Algonquin Power & Utilities (TSX:AQN) was one of the worst-performing TSX stocks in November. Falling 34% for the month, it vastly underperformed compared to the TSX Composite Index. In the month of November, Canadian stocks as a whole eked out a 4.3% gain, which compared to Algonquin’s severe loss, looks like a huge rally. In this article, I will explore why Algonquin fell so much in November and whether its stock is a buy today.
Why Algonquin plummeted 34% in November
The main reason why Algonquin stock plummeted 34% in November is because it put out a bad earnings release that failed to live up to analyst expectations. In the third quarter, AQN delivered:
- $666 million in revenue, up 26%.
- $102 million in operating cash flows, down 41%.

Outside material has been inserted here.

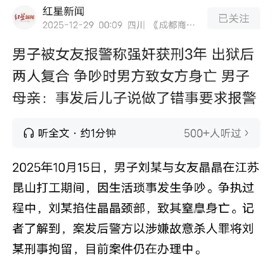 江苏昆山,一男子的女友来例假,男子还强行跟她发生关系,女友一气之下报警处理,最终男子被判刑关了3年,谁料,男子出狱后,两人重归于好,继续交往,3个月后,两人因生活琐事发生争吵,女友又提了男子入狱的事,男子冲动之下掐了女友脖子,导致她身亡。最终,男子因涉嫌犯罪被刑事拘留。 刘某和大学同学晶晶在学校的时候就互生好感,但两人都没有捅破那层关系纸。 2022年7月份的一天,正逢假期,两人出来打工期间见面,刘某主动跟晶晶表白。 晶晶本就对刘某有好感,两人自然而然地在一起成为男女朋友。 不久后,他们租房住到一起同居生活。 也许是年轻气盛,刘某和晶晶住在一起后,总想着那档事。 有一天,晶晶来例假了,刘某还是不放过晶晶,抱着她同房。 晶晶明显地表示出不乐意,坚决地拒绝刘某的要求,可刘某不依不饶,非要得到晶晶。 晶晶又气又急,情急之下直接报警处理,她跟警方表示,自己在生理期时遭到刘某强奸。 刘某很快被抓,但刘某被抓后,晶晶有些后悔自己一时的报警冲动,刘某被抓了说实在的她有些于心不忍。 所以,她发信息给刘某表示,我还爱着你,真心不希望你坐牢。 虽然晶晶这么说,但是法院认为,这不能代表刘某在晶晶生理期时违背妇女意愿强行跟她发生性关系的事实。 最终,一审法院以强奸罪判处刘某有期徒刑3年,刘某不服,提起上诉,二审维持原判。 2025年7月13日,刘某刑满释放,出狱不久后,刘某和晶晶重归于好,两人复合后一起到江苏昆山打工,并同居生活到一起。 原本以为,刘某能放下过去,不计前嫌,晶晶也一如既往爱着他,两人最终能修成正果,但是,他们才在一起没多久就出事了。 2025年10月15号那天晚上,刘某和晶晶因为生活琐事起了争执,两人越吵越凶。 口无遮拦的晶晶又提到了刘某强奸她入狱的事,这件事刘某本就觉得冤,一切都是因为晶晶,害自己白白坐了3年牢。 一想到这,刘某的火气瞬间唰的,就上头了,他冲过去直接掐了晶晶脖子,最终导致晶晶身亡。 刘某对晶晶动手后,看着她一动不动,一时慌了神,他没想到自己下手那么重,更没想到会害死了晶晶。 不知所措的刘某,第一时间把电话打给了母亲,他跟母亲说,自己犯错了,要求报警。 母亲一听儿子掐死了晶晶,也吓到了,他告诉母亲说,之所以这么干是因为,两人争吵后,晶晶又提到了之前的事,刺激到了刘某,情绪激动的他才干了傻事。 报警后,刘某很快被抓,警方最终以刘某涉嫌故意杀 人罪对他刑事拘留,目前案件正在进一步办理中。 有人说刘某也太冲动,太自私了,人家来例假,明显表示不乐意同房,你还强行跟人家发生关系,这很明显的是不懂得疼爱女方,活该被送进监狱,一点都不冤。 根据《刑法》第236条规定,以暴力、胁迫或者其他手段强奸妇女的,处3年以上10年以下有期徒刑。 有下列情形之一的,处10年以上有期徒刑、无期徒刑或者死刑: (一) 强奸妇女、奸淫幼女情节恶劣的; (二) 强奸妇女、奸淫幼女多人的; (三) 在公共场所当众强奸妇女、奸淫幼女的; (四) 二人以上轮奸的; (五) 奸淫不满十周岁的幼女或者造成幼女伤害的; (六) 致使被害人重伤、死亡或者造成其他严重后果的。 本案中,晶晶和刘某虽然是男女朋友关系,但是同居期间,晶晶来了例假,明确拒绝跟刘某同房,刘某还违背晶晶意愿,强行跟她发生关系,属于“违背妇女意志”的表现。 虽然,刘某被抓后,晶晶表示还爱着刘某,但是,也不能改变刘某违背妇女意志强行发生关系的事实。 刘某出狱后,双方都能不计前嫌,重归于好,本来,如果他们都能克制自己的冲动,好好相处,恩爱一辈子,这也算是美好的爱情,有情人终成眷属。 但是,刘某在心底里没能彻底放下过去,晶晶也口无遮拦,动了刘某心底里的那根刺,最终引发悲剧。 刘某受到刺激后冲动之下掐了晶晶。 根据《刑法》第232条规定, 故意杀人的,处死刑、无期徒刑或者10年以上有期徒刑;情节较轻的,处3年以上10年以下有期徒刑。 刘某明明知道掐脖子可能导致人死亡,但他依然放任结果的发生;虽他称冲动之下“失手”,但掐脖子属于高度危险行为,不属过失 。 晶晶被掐脖子窒息死亡跟刘某的行为存在直接因果关系。 因此,刘某主观是放任而非疏忽,不成立过失致人死亡。 而且,刘某出狱才3个月就又犯故意杀人罪,属于五年内再犯新罪的累犯,按照法律规定必须从重处罚。 不过,事发后刘某主动报警,到案后也如实交代了事情经过,这是自首,可以依法从轻或者减轻处罚。 另外,他是被女方的话刺激到,一时冲动下的手,这种情况属于激情犯罪,有可能被认定为故意杀人罪里“情节较轻”的情形。 目前,案件还在进一步办理中。

- $73.5 million in adjusted net income (i.e., net income of a potential new owner by adjusting for debt interest, compensation, personal, and other expenses), down 25%.
- -$192.5 million in GAAP net income (i.e., net income going by standard accounting rules), down from a positive figure.
It was a pretty mixed release. There were some good points, like the revenue growth, but on the whole, Algonquin didn’t deliver the results investors were expecting. So, it’s not surprising that it sold off after the release came out.
How it stacks up today
It’s one thing to note that a stock has done poorly in the past, but quite another to say that it will continue to do poorly. It’s quite common for companies to turn around after bad news, maybe Algonquin is one such stock.
We know that high interest rates are part of the reason why Algonquin struggled in the third quarter. As a utility, it borrows a lot of money to keep power generation going, and its interest expense increased, partially due to higher borrowing costs, after the Bank of Canada repeatedly raised interest rates this year. In Q3, AQN’s interest expenses increased by $23 million. That was a big part of why its earnings went down. The company’s earnings will be fairly low for as long as interest rates are high, but on the flip side, if interest rates come down in the future, then AQN’s earnings will probably go up.
Is it a buy?
Having looked at all the factors behind Algonquin’s stock sell-off, it’s time to answer the all-important question:
Is it a buy?
As someone who was intrigued by Algonquin in the past, I can’t deny that the recent earnings release was bad. It was the worst seen from the company in a long time. However, the company’s positive operating cash flows suggest that maybe the large net loss was somewhat deceptive, perhaps mainly attributable to non-cash factors. I’m not rushing out to buy AQN right now, but I’m not discouraging others from doing so either. I wouldn’t fault someone for desiring the stock’s 9.6% dividend yield.
One thing is for certain: the recent sell-off has made AQN much cheaper than it used to be. At today’s prices, Algonquin trades at book value (assets minus liabilities). In other words, when you buy it, you’re paying for exactly the value of its assets, net of debt, with no premium. That suggests a very cheap valuation, so maybe Algonquin is worth a look.